А между этими полюсами вращается целая планета человеческих борений и исканий, где страсти сгущаются по мере приближения к экватору, и где на одном полушарии Ставрогин ведет с Кирилловым академическую дискуссию о предпочтительных способах самоубийства, а на другом — аскеты и праведники препираются по поводу альтернативных форм умерщвления плоти…
Итак, выясняется, что жить в соответствии с идеалом попросту невозможно. Причем совсем не потому, что идеал высок, а человек греховен. Просто так устроен сам идеал. Из спора Сократа с Калликлом выяснилось, что он представляет собой антагонистическое противоречие, причем ни от одной из составляющих его противоположностей избавиться невозможно.
Верхний слой этого противоречия — роковая антиномия свободы и равенства, или же, выражаясь Калликловым «штилем», справедливости-по-природе и справедливости-по-обычаю. Калликл открыл эту антиномию чистого разума за две тысячи лет до Канта и сам пал первой ее жертвой.
Что же делать? Антиномии еще как-то можно терпеть в качестве заморских диковин, покуда они касаются академических проблем типа конечности или бесконечности вселенной, но примириться с их вторжением в священную обитель «вечных вопросов» никак невозможно.
Идеал принципиально противоречив!! И эту истину получают в награду пытливые мужи, не желающие довольствоваться растительным существованием и решившие обзавестись компасом для плавания в бурном океане житейских вод!
Бедняге Калликлу остается лишь проклясть тот день и час, когда его попутал бес в лице Сократа, и тщетно мечтать о возврате к безмятежной жизни сороконожки, еще не приступившей к исследованию причин собственного движения посредством уравнений Лагранжа…
* * *
Нет, это не тупик. Философская нить Ариадны ведет отсюда в платоновский диалог «Парменид».

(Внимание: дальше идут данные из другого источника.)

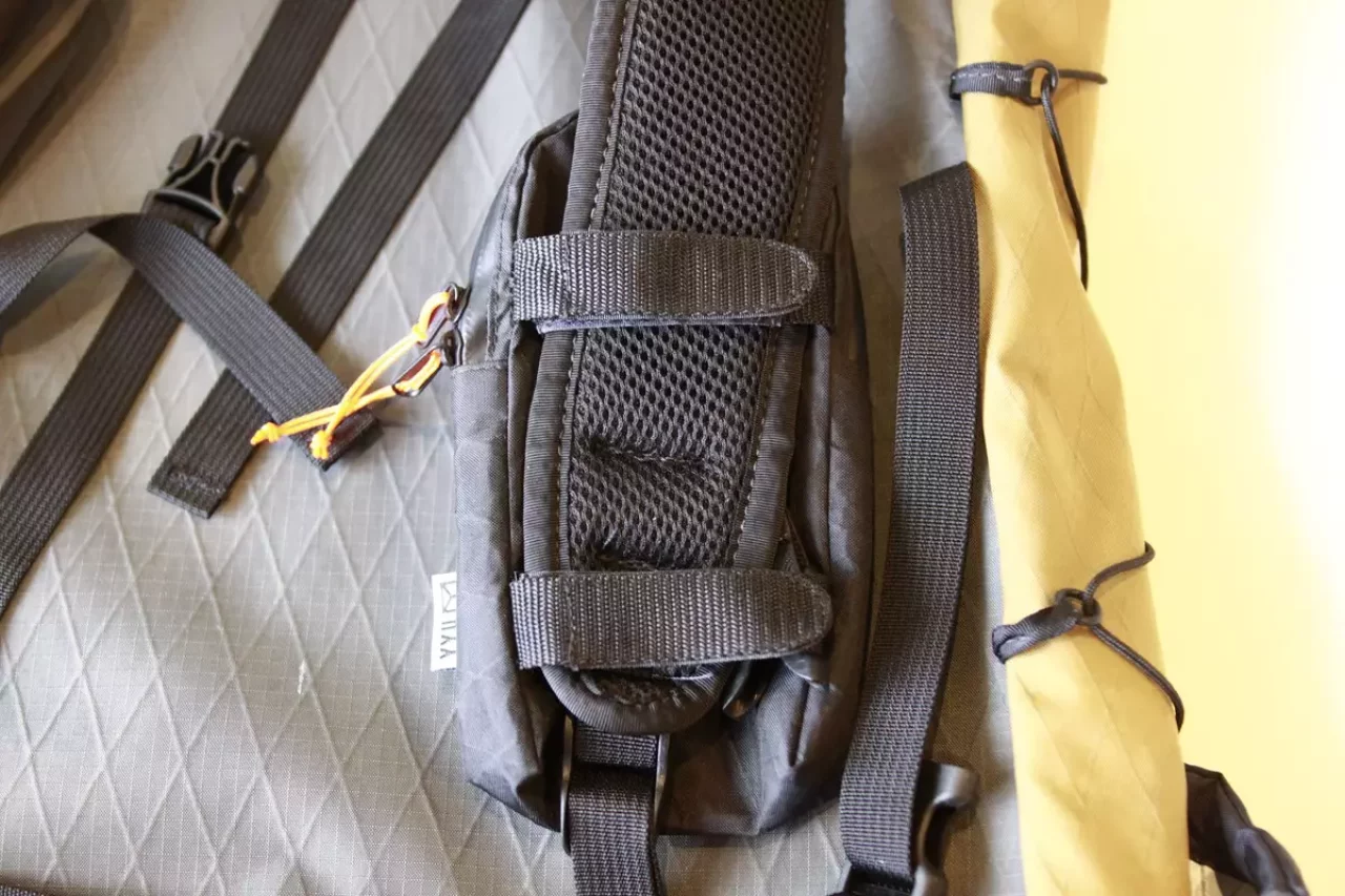 縦にも横にも取り付けることができるストラップ付きで、ショルダーハーネスだけでなくウエストベルトにも取り付けることができるように作られています。 ショルダーハーネスに取り付ける時のベルクロテープが短いので、ザックの大きさを確認するようにしましょう。

На праздник Великих Панафиней приезжает Парменид — пользующийся всегреческой славой, убеленный сединами философ из Элеи вместе со своим выдающимся последователем и учеником — Зеноном. При чтении сочинений Зенона в числе многих присутствует совсем еще юный Сократ. Он бесстрашно вступает в дискуссию сначала с Зеноном, а потом и самим Парменидом. Прославленный философ благосклонно беседует с талантливым юношей, лукаво расставляя при этом силки противоречий. Когда Сократ в них запутывается, Парменид спрашивает у него:
» — Что же ты будешь делать с философией? Куда обратишься, не зная таких вещей?
— Пока я совершенно себе этого не представляю.
— Это объясняется тем, Сократ, — сказал Парменид, что ты преждевременно, не поупражнявшись, как следует, берешься определять, что такое прекрасное, справедливое, благое и любая другая идея… Твое рвение к рассуждениям, будь уверен, прекрасно и божественно, но, пока ты еще молод, постарайся поупражняться побольше в том, что большинство считает и называет пустословием; в противном случае истина будет от тебя ускользать».
Что же имеет в виду мудрый Парменид?
» — Что ты имеешь в виду? — спросил Сократ.
— Если ты желаешь поупражняться, то возьми хотя бы предположение, высказанное Зеноном: допусти, что существует многое, и посмотри, что должно из этого вытекать как для многого самого по себе в отношении к самому себе и к единому, так и для единого в отношении к самому себе и ко многому… Тот же способ рассуждений следует применять… к движению и покою, к возникновению и гибели и, наконец, к самому бытию и небытию».
Далее приводится собственно текст «упражнения», который производит на гуманитарных поклонников Платона неизгладимое впечатление: кажется, будто в текст «Пира», куда-то между речами в честь Эрота и вдохновенным монологом Алкивиада, вдруг оказался вставленным 100-страничный обрывок неизвестной программы для ЭВМ, писанной в машинных кодах.
» — Ну, что ж, — сказал Парменид, — если есть единое, то может ли это единое быть многим?»
— Да как же это возможно? — хором восклицают слушатели.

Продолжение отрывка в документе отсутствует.